* **DIRECTIONS FOR THIS TASK**
Everything from the first line of the data through the line with "1. Nồi lẩu hấp" is to be echoed exactly, minus the pictures.

─── DATASET SECTION

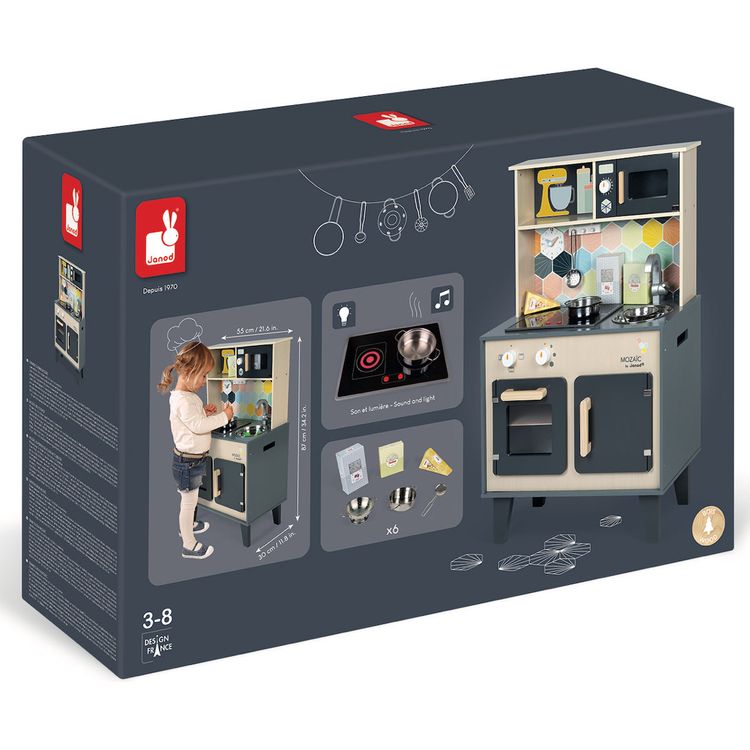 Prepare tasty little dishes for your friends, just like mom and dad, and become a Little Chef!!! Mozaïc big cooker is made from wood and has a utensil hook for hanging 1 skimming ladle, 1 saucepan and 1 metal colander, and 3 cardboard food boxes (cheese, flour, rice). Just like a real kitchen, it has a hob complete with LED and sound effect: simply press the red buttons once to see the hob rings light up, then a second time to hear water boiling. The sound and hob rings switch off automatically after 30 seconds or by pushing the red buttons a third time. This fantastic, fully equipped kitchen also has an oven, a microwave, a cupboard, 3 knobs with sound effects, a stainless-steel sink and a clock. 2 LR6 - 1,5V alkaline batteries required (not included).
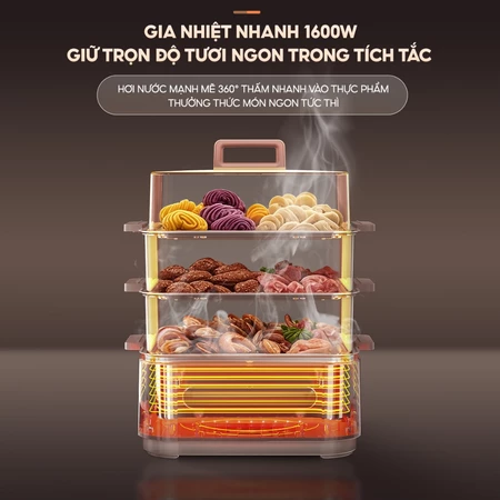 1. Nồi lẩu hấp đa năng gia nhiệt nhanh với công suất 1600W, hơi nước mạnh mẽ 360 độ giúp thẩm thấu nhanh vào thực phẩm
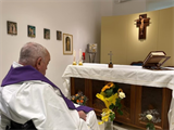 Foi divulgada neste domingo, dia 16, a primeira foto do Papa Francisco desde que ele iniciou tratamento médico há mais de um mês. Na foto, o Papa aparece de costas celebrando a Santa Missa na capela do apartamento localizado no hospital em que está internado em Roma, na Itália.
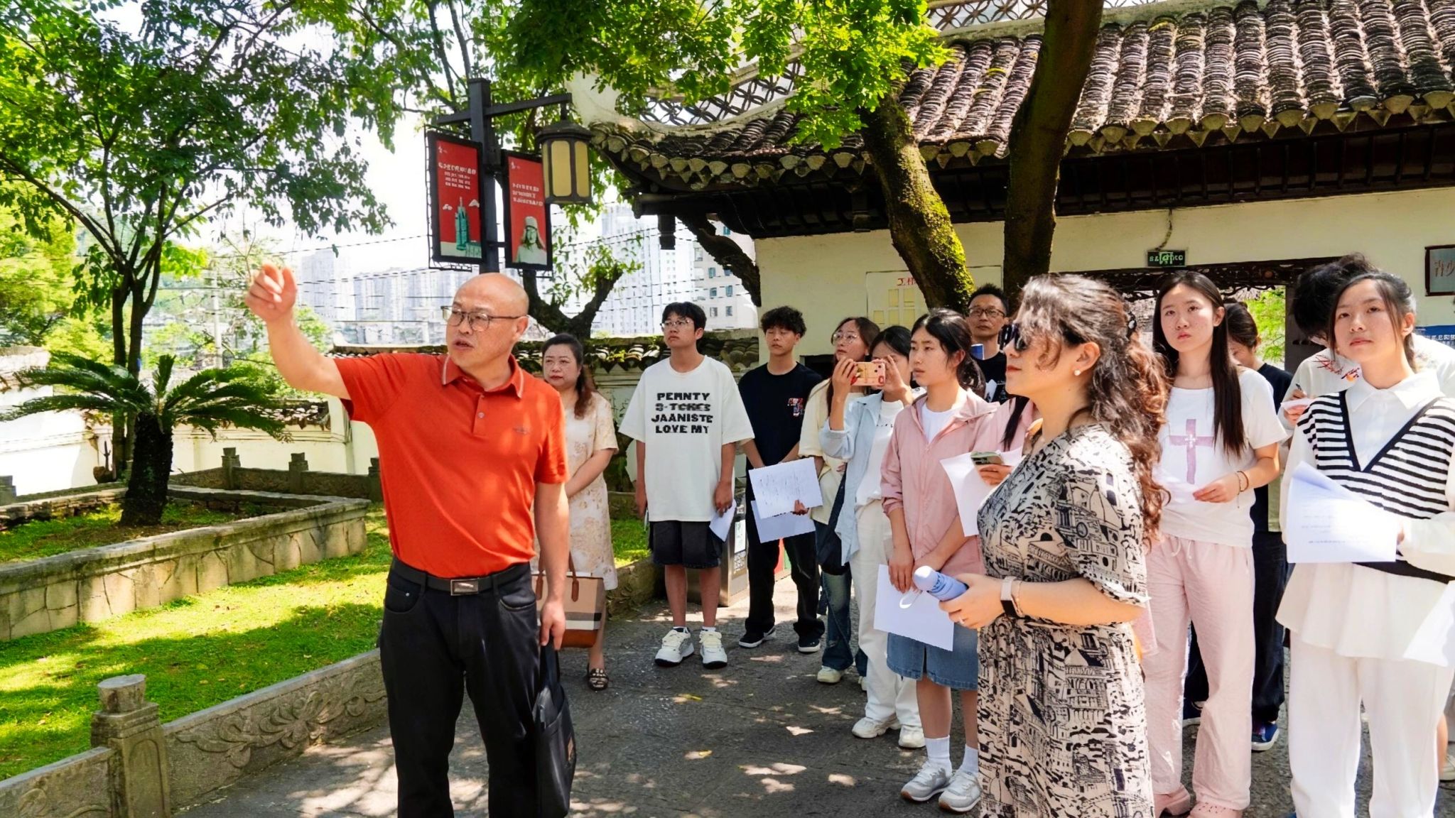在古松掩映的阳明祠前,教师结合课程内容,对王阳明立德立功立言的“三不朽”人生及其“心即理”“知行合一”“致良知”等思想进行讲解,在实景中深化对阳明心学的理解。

──────

* **ANSWER TO THIS EXERCISE**
 Prepare tasty little dishes for your friends, just like mom and dad, and become a Little Chef!!! Mozaïc big cooker is made from wood and has a utensil hook for hanging 1 skimming ladle, 1 saucepan and 1 metal colander, and 3 cardboard food boxes (cheese, flour, rice). Just like a real kitchen, it has a hob complete with LED and sound effect: simply press the red buttons once to see the hob rings light up, then a second time to hear water boiling. The sound and hob rings switch off automatically after 30 seconds or by pushing the red buttons a third time. This fantastic, fully equipped kitchen also has an oven, a microwave, a cupboard, 3 knobs with sound effects, a stainless-steel sink and a clock. 2 LR6 - 1,5V alkaline batteries required (not included).
 1. Nồi lẩu hấp đa năng gia nhiệt nhanh với công suất 1600W, hơi nước mạnh mẽ 360 độ giúp thẩm thấu nhanh vào thực phẩm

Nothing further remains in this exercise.